YOUR GOAL: Pictures are to be left out. Return exactly the lines below from the one with "XYL-860座駕壓路機適用" up to and including the one with "圖/2026高雄藝術博覽會的「潛龍特展」將呈現臺東美展、中山青年藝術獎得主葉哲瑀的作品《假仙境 越界神馳》(110 x".

⟨

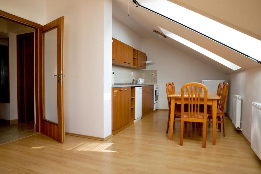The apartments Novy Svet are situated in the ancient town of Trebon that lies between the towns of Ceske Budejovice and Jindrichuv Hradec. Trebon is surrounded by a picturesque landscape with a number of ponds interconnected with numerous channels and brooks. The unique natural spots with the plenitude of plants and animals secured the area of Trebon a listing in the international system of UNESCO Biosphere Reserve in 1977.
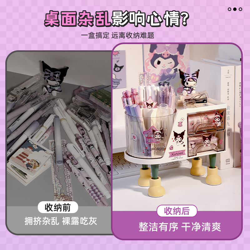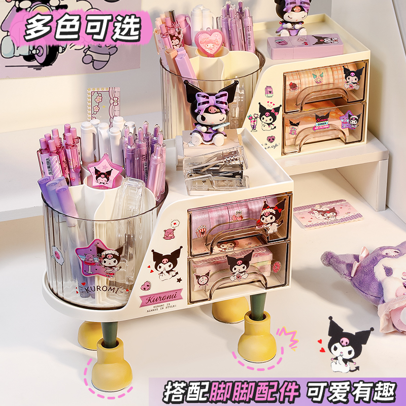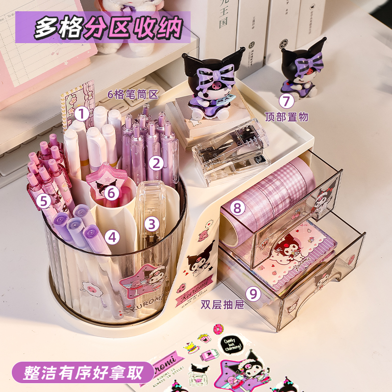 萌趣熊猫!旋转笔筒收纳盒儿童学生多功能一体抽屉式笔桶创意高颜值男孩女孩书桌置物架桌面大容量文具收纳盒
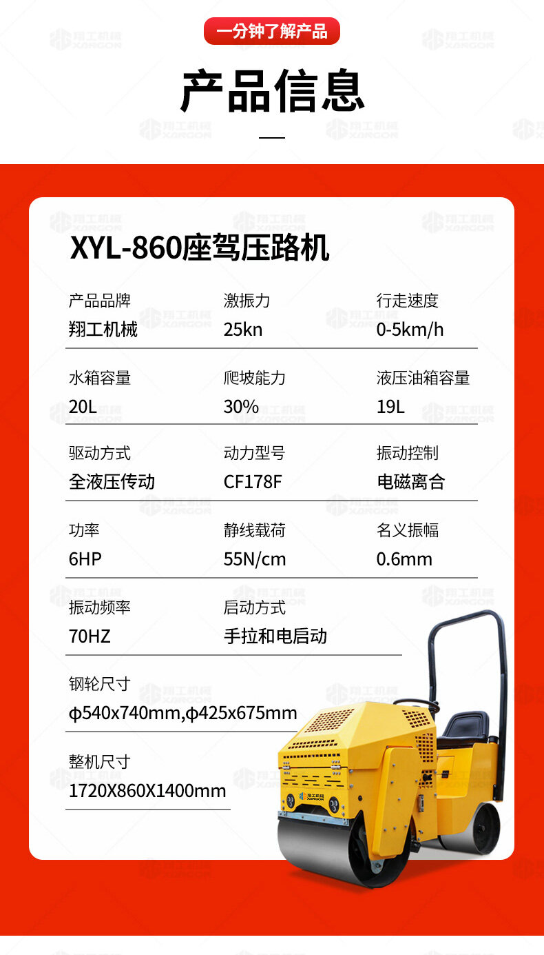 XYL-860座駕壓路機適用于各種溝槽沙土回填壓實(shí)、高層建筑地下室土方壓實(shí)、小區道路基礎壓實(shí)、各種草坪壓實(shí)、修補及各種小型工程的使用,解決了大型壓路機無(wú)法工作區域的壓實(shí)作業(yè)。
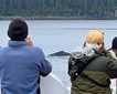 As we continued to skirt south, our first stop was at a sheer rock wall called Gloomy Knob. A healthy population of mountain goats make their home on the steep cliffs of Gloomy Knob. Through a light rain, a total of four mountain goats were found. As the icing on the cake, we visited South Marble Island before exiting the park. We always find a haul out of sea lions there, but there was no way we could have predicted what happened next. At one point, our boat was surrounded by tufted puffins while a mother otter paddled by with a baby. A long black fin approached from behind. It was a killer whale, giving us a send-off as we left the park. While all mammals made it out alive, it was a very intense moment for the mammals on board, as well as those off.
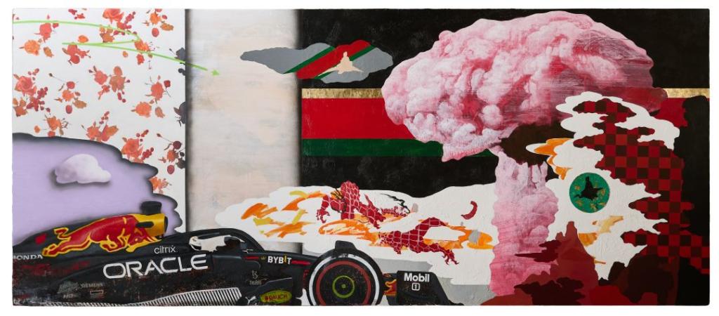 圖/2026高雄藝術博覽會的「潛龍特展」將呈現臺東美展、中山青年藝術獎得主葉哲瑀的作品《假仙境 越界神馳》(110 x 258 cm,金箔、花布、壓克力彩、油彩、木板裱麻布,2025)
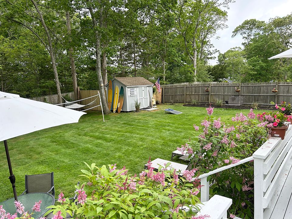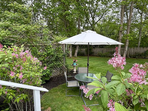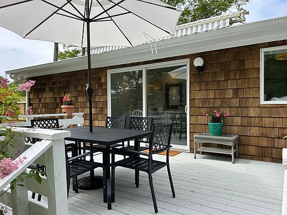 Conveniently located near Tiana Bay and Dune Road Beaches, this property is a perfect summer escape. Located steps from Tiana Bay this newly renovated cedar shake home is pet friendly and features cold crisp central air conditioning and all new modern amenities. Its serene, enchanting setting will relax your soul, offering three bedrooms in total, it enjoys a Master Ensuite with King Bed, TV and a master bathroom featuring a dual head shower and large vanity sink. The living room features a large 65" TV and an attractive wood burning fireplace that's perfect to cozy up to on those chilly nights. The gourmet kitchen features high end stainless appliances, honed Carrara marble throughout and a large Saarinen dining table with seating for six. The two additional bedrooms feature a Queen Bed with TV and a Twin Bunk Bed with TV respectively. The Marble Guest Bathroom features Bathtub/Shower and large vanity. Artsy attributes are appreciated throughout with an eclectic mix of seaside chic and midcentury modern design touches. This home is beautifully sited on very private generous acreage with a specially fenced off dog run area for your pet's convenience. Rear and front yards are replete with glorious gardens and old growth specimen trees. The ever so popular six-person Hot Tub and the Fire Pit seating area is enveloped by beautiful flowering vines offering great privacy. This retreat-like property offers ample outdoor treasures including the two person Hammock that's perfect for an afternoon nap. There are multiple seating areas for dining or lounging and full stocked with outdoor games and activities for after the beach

⟩

SOLVED PROBLEM:
 XYL-860座駕壓路機適用于各種溝槽沙土回填壓實(shí)、高層建筑地下室土方壓實(shí)、小區道路基礎壓實(shí)、各種草坪壓實(shí)、修補及各種小型工程的使用,解決了大型壓路機無(wú)法工作區域的壓實(shí)作業(yè)。
 As we continued to skirt south, our first stop was at a sheer rock wall called Gloomy Knob. A healthy population of mountain goats make their home on the steep cliffs of Gloomy Knob. Through a light rain, a total of four mountain goats were found. As the icing on the cake, we visited South Marble Island before exiting the park. We always find a haul out of sea lions there, but there was no way we could have predicted what happened next. At one point, our boat was surrounded by tufted puffins while a mother otter paddled by with a baby. A long black fin approached from behind. It was a killer whale, giving us a send-off as we left the park. While all mammals made it out alive, it was a very intense moment for the mammals on board, as well as those off.
 圖/2026高雄藝術博覽會的「潛龍特展」將呈現臺東美展、中山青年藝術獎得主葉哲瑀的作品《假仙境 越界神馳》(110 x 258 cm,金箔、花布、壓克力彩、油彩、木板裱麻布,2025)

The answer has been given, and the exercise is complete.